Similar to APCI, eluates will be pumped through a capillary and nebulised at
the tip. However, instead of a corona discharge, ionisation is achieved using
photons from a discharge lamp. There are two modes in APPI, the direct-APPI
mode and dopant-APPI mode. The direct-APPI mode analytes are singly charged by
absorption of a photon and ejection of an electron. On the other hand,
dopant-APPI mode uses an ionisable compound (Dopant) in the mobile phase or
nebulising gas to promote charge-exchange reactions between dopant ions and
analyte.
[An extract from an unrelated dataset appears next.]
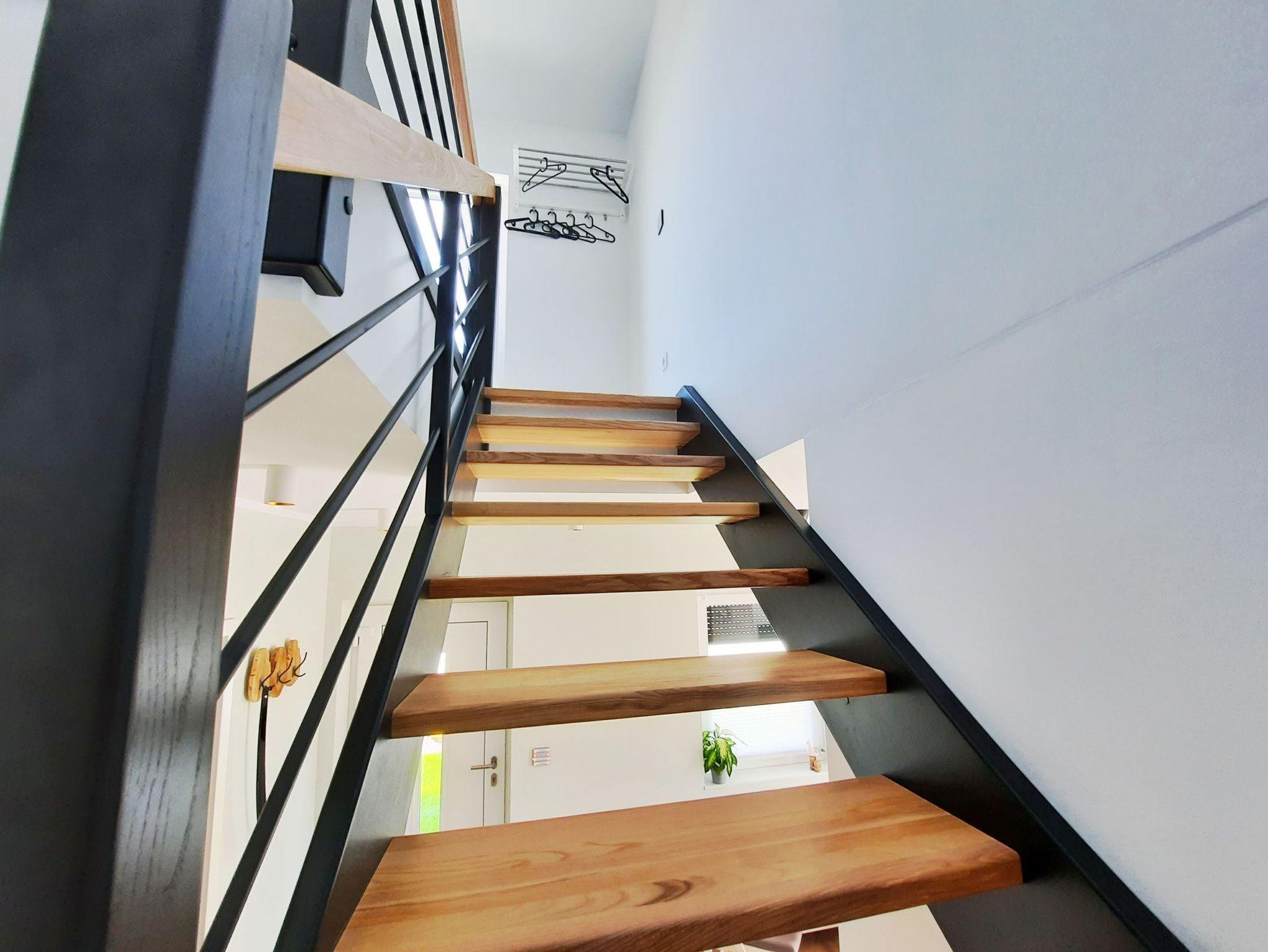 Die Unterkunft ist mit Außenjalousien zum Abdunkeln und im Erdgeschoss mit einer Fußbodenheizung ausgestattet.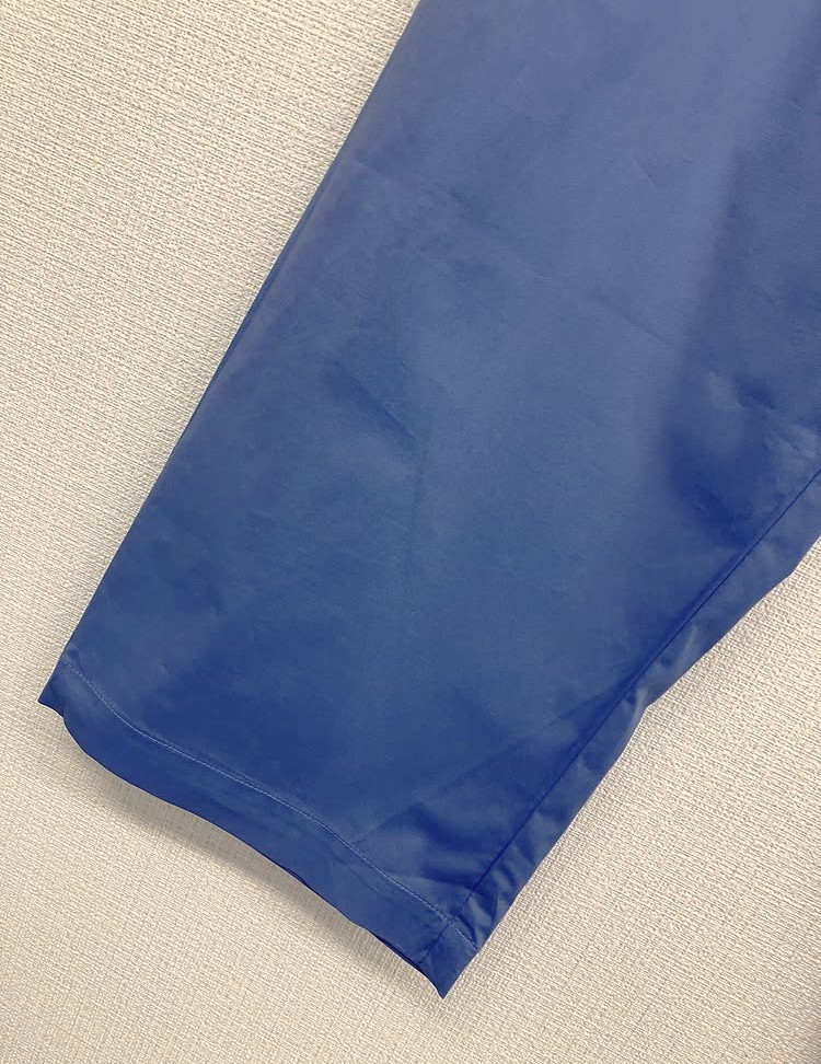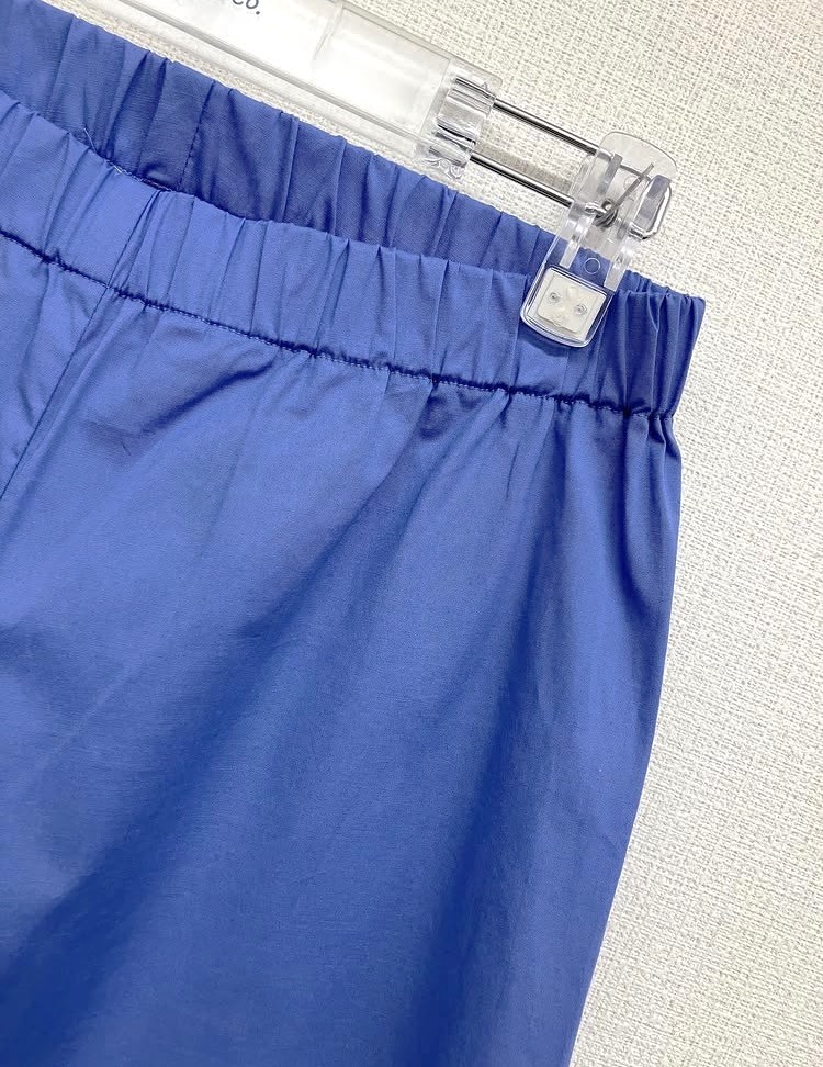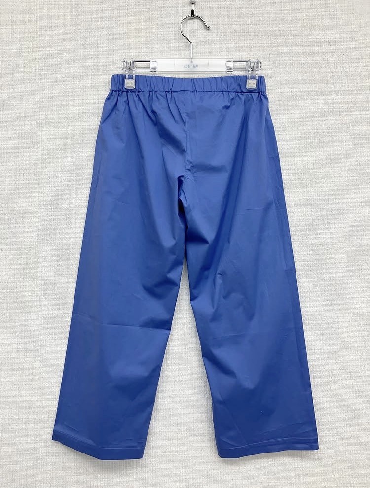 ヨーロッパらしい落ち着いたブルーのワイドパンツ。

The charged analytes will then undergo mass analysis in the high
vacuum region (Willfried, 2006).

 

2.1.2 Uses of LC-MS in proteomics in discovery of disease
biomarkers

LC-MS is used in
proteomics to identify components in a complex mixture. The approach to using
LC-MS involves protease digestion, denaturation of protein using trypsin as a
protease, breaking down of tertiary structure using urea and finally the
modification of cysteine residues using iodoacetamide. After the cascade of
digestion, peptide mass fingerprinting or tandem MS is conducted to determine
the sequence of individual peptides (Vicki, et al., 2005). From there, the
masses of unknown proteins will be compared to a database of known theoretical
protein masses. Subsequently, the unknown protein may be identified. However,
when identifying a complex mixture with thousands of proteins, such as human
serum, an additional step of sodium dodecyl sulphate polyacrylamide gel
electrophoresis (SDS-PAGE) has to be conducted for higher specificity of
identification (Sudhakar, et al., 2016).